WCC-81 Oregon Report, 2001

J. Peterson, Oregon State University

In fall, 2000, the hard white winter >Ivory= reselection OR850513-19 was advanced to Foundation seed production. OR850513-19 had shown the best protein quality among all the Ivory reselections we had evaluated. It was dropped from further consideration this past summer, however, due to high levels of susceptibility to Stripe rust. The remaining Ivory reselections also have been shelved, primarily due to inadequate protein quality.

We have not lessened our commitment to hard white development; rather, we are moving new populations forward to address critical deficiencies in our hard white germplasm base. Improving protein quality and noodle color, as related to PPO activity, are critical to developing hard whites for multi-product applications. Moderate levels of bread quality also are needed to satisfy domestic expectations and product needs. Other traits of concern include winterhardiness, as much of our hard white base was derived from spring x winter crosses, and inadequate Pseudocercosporella footrot resistance. In response, we are currently fast-tracking high-priority hard white cross combinations. We expect to have numerous F3 and F4 plant rows and populations in the field next fall from 3-way crosses of (OSU HWW=s) x (Plains HRW and HWW) x OR943575. These combinations should provide us with means to simultaneously improve protein quality, winterhardiness, and noodle color, while capturing the high yield, broad adaptation, low PPO, and footrot resistance of our hard white selection OR943575.

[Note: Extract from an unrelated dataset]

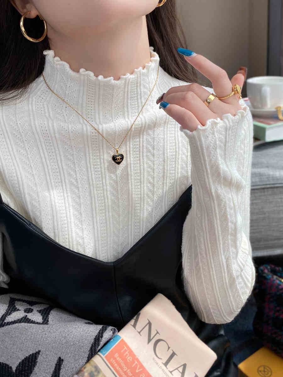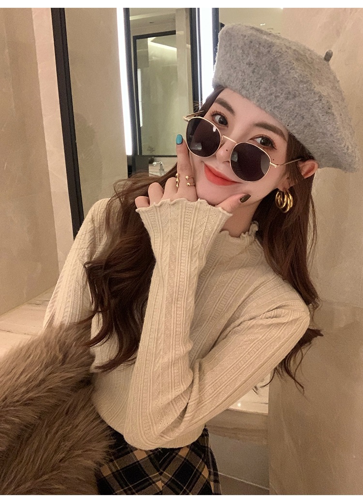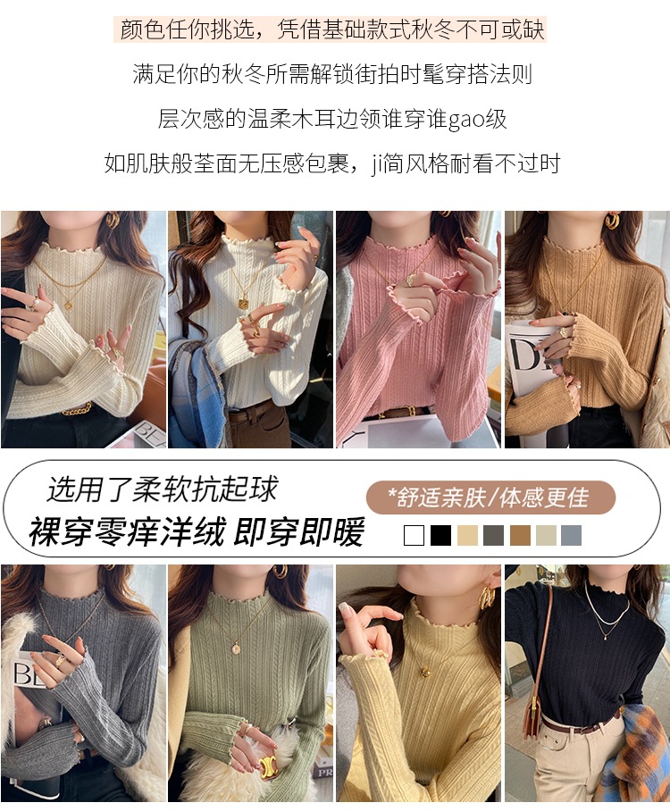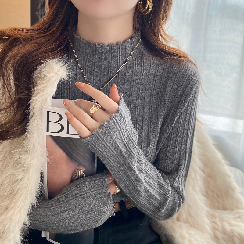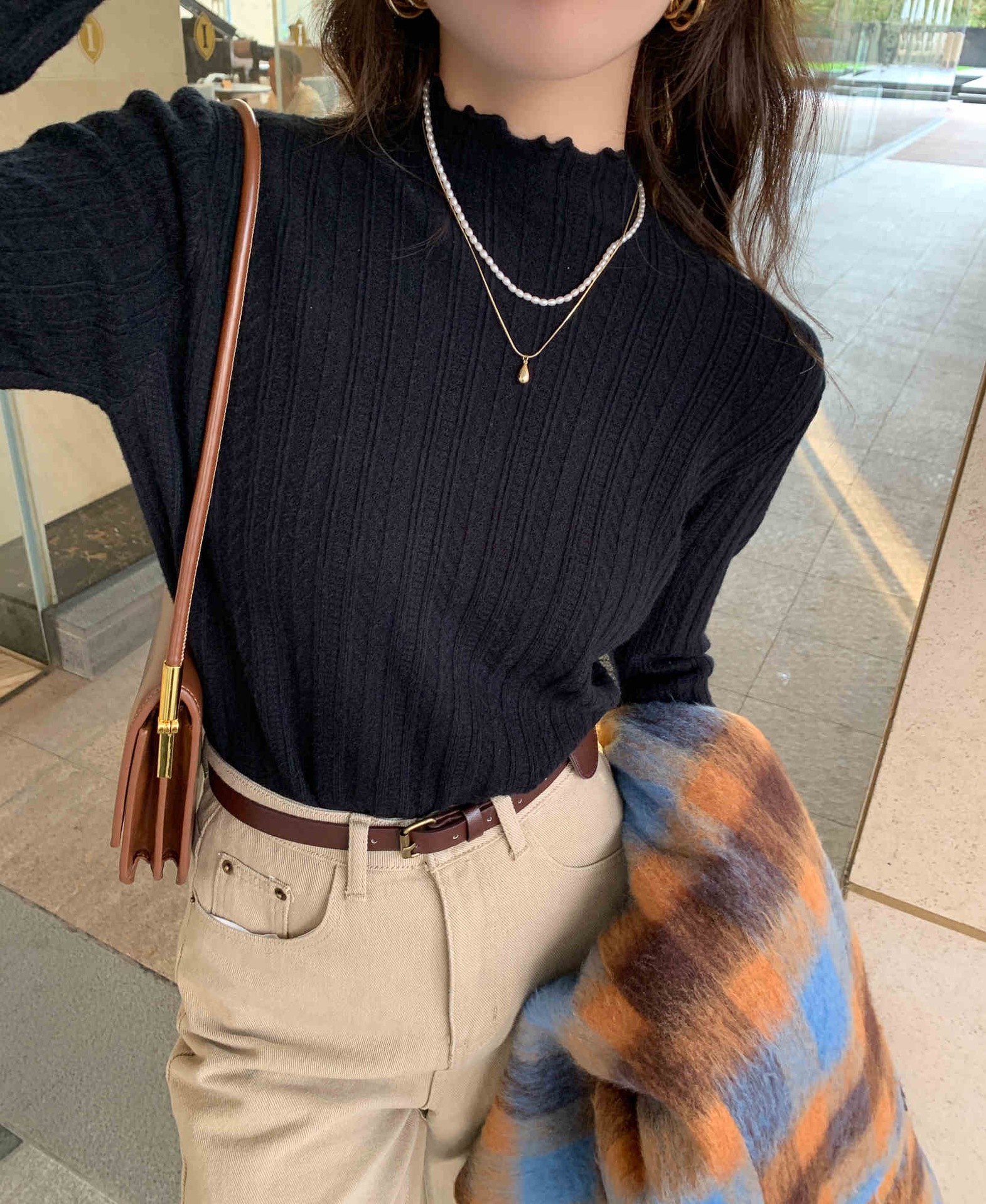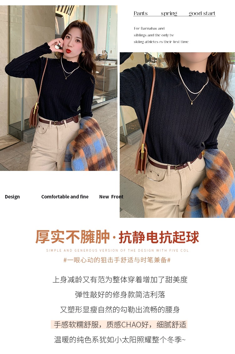 살구색 니트 스웨터 하프 터틀넥베이스 셔츠 여성의 봄과 가을 새로운 스웨터 센스 탑스토어 가기

Six hard white wheat selections were advanced to either State-wide Variety Trial or Regional Nursery testing; including OR941048, OR942496, OR953475, OR952577, OR9900384, and OR850513-8. The hard white selections OR942496 and OR941048 have been entered in the Asian Products Collaborative sponsored by the Wheat Marketing Center. OR941048, from the cross ‘ID 80-628/3/CER/YMH/HYS/4/CER/YMH/HYS‘, has shown promising yield potential, intermediate to low PPO activity, and moderate protein quality. OR942496 is a hard white selection from a spring x winter cross combination and is now in the State-wide variety trials and regional testing. It has also shown promising agronomic potential, but has questionable end-use quality attributes.

Results from a second year of Asian product evaluations with the Wheat Marketing Center generated more questions than answers. Lines in the 2000 Hard White Elite Nursery were evaluated for Chinese raw noodles, steam bread, and pan breads using grain samples from multiple locations and varying protein contents. For the 2000 grain samples, here was little consistency in results or varietal ranks over locations for product attributes. Product color was generally less than acceptable, possibly related to high ash or bran contamination during milling. Samples from the 2001 HW-Elite will be milled and submitted for product testing this spring. Additional biochemical analyses are anticipated as we try to understand basis for variations in product quality.

Over 150 hard white wheat samples from the 2000 Hard White Elite Nursery were submitted to USDA-GIPSA-FGIS in January of 2001 for visual classification. The majority of samples graded ‘soft white‘ for visual kernel attributes such as color and shape. The results confirm the serious nature of classification and segregation problems in the PNW; problems that will only increase as hard white wheat production increases. Samples from the 2001 trials have now been submitted to FGIS for further evaluation and classification. As new hard white varieties are readied for release, it will be important that either FGIS can visually identify the variety, or that we work with FGIS to develop more objective tests for the industry.

Support from Craig Morris and the USDA-ARS Western Wheat Quality Lab in evaluating our preliminary and advanced breeding lines is gratefully acknowledged. Through their testing efforts, we have begun to partition our soft white selections into ‘quality subclasses‘ to target specific market needs and opportunities.

With recent arrival of Andrew Ross, OSU Cereal Chemist, we are reevaluating our quality research program and market development efforts. We anticipate several new end-use quality research thrusts to be established, in addition to redefining and reinvigorating our hard white wheat variety development program.


WCC-81 USDA Genetics Report, Pullman, Washington

K. Campbell, USDA

Wheat production in the Pacific Northwest accounts for 85% of the total soft white wheat, and 100% of the soft white club wheat produced in the U.S. Soft white wheat, particularly club wheat, is a major export crop with approximately 70-80% exported annually. Export customers demand a consistent supply of high quality wheat. Wheat growers want to reduce production costs and use environmentally sound farming practices. In order to give U.S. farmers the competitive edge in a difficult market, we must continue to develop wheat cultivars and germplasm that require few additional inputs and produce excellent quality grain. Our goal is to develop high quality, high yielding club wheat cultivars that possess better milling quality than their predecessors, in addition to resistance to major biotic and abiotic production risks.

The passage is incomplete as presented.